In this excerpt from a panel at Live Streaming Summit, Adam Rymer of Legendary Digital discusses current limitations for directly monetizing content streamed to social media platforms such as Facebook Live and YouTube Live, and suggests indirect monetization opportunities that leverage brand and content exposure via those platforms.

Learn more about live streaming monetization at Streaming Media East.

Read a complete transcript of Rymer's remarks in this clip:

Adam Rymer: Monetization for live streaming has a long way to go. That's partially because the platforms themselves haven't implemented a lot of the tools and features that we need to enable monetization. The second thing is that advertisers haven't really grasped what it means to be right in front of people on a live basis. They understand it a little bit from broadcast television, but they don't seem to understand what it actually means when you're doing it on other platforms. To address the first one of those things, we actually had to get ourselves to the place where we have built our own platform.

We spent the last year developing our own live-streaming platform which is launching in a couple of weeks, which some of you may have read about, called Project Alpha. It is a way for us to add a certain degree of interactivity and features that allow us to monetize live streaming content in a way that we currently can't on any of the other existing platforms. It doesn't mean that we're going to go away from any of those other places; they are very much important centers for our audience to gather and aggregate.

Our feeling is, it's only live streaming that actually makes social networks social.
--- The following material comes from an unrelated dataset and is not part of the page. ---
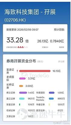 据TradeGo新股孖展数据,截至2月6日9时,海致科技集团的孖展认购总额已达26.13亿港元,孖展认购倍数约33.28倍。其中,富途证券、老虎国际、**证券分别放出16.15亿、3.31亿、2.00亿港元的孖展。
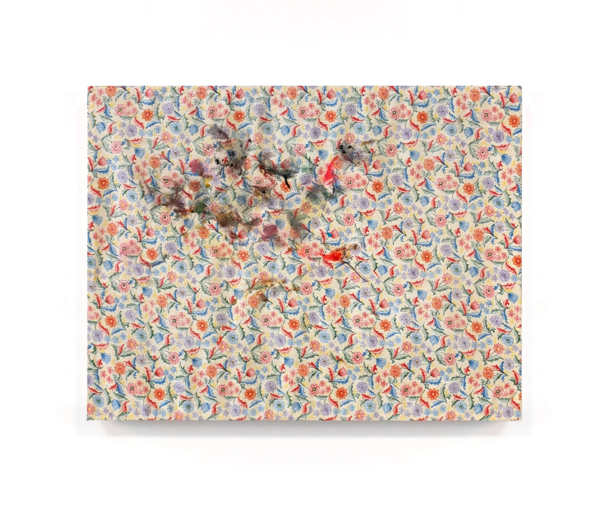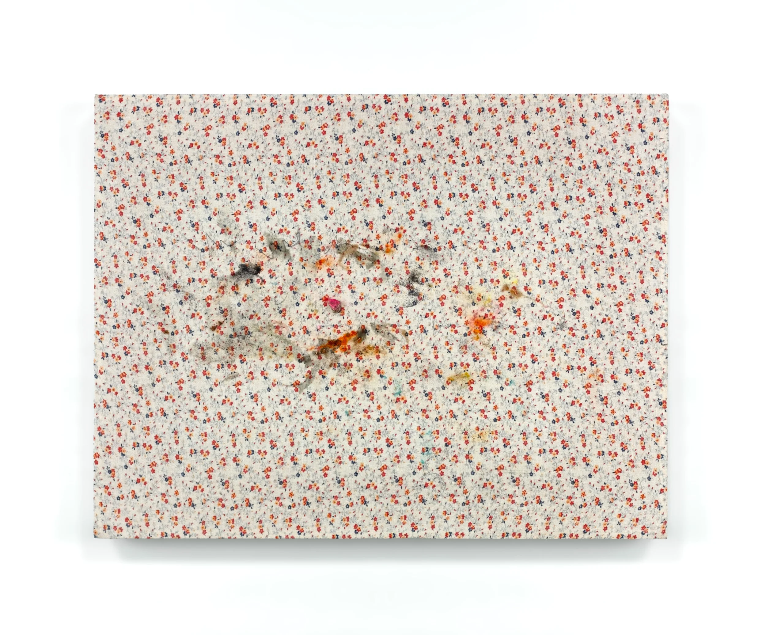 Tiffany & Co. jewelry bag, pink burlap, watercolor pencil, urethane, gel pen, graphite, car turn signal light bulb glass, Pacifico brand beer bottle, dirt taken from interior of Richard Serra sculpture Reading Cones, Cumbrian lake clay, Oxford ochre, raw sienna, transfer paper, colored pencil, red yarn, oil paint, brick, construction spray paint on sidewalk, PMC .308 Winchester 147-grain full metal jacket-boat tail rifle ammunition casing found in Chicago at West Armitage Avenue and Cicero Avenue, ballpoint pen on Calico fabric ca. 1960, 14 x 18 inches

If you really think about the platforms like Facebook, or YouTube, or even Twitter, to that extent, they're not really social by definition. Social, to me, is two people talking to each other in a room; and if you think about these platforms, it's actually asynchronous communication. Live streaming is really the first thing that allows for real social interactivity to happen on these platforms; so to us, it's actually very important to be there, but for monetization purposes, we think it's important to drive people to something else.
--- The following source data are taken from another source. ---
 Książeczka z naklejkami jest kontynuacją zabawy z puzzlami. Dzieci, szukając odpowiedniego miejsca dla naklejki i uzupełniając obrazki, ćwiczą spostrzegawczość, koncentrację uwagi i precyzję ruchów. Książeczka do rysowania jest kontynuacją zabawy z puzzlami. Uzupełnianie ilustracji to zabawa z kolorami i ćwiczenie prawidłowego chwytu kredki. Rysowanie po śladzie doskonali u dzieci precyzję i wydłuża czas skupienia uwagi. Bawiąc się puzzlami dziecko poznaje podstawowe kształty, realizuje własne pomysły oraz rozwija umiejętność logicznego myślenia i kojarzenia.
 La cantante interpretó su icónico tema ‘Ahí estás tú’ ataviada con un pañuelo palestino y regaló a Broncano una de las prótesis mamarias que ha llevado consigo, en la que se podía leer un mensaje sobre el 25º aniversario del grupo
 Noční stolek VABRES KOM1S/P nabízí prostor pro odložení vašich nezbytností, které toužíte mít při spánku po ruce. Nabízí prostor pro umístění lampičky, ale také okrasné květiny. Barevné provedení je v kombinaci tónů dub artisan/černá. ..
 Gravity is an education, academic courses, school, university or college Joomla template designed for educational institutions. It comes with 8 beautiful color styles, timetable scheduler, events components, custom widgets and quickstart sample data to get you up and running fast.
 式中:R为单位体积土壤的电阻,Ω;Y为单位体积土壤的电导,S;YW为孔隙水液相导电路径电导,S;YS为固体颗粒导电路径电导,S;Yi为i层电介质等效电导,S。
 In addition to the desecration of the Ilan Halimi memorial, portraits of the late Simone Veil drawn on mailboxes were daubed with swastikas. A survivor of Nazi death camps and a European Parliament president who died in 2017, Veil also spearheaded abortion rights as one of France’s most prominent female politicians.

Even if you talk to Facebook, they'll say to you that their goal is not necessarily to monetize on Facebook, to allow their content creators to monetize on Facebook. They know that they're aggregating a huge amount of people with the goal to drive them somewhere else, to actually do the monetization. For us, it's this new live streaming platform we're creating that, we hope, is going to allow people to subscribe. It's an SVOD service, although more membership-based, with a lot of live streaming capabilities.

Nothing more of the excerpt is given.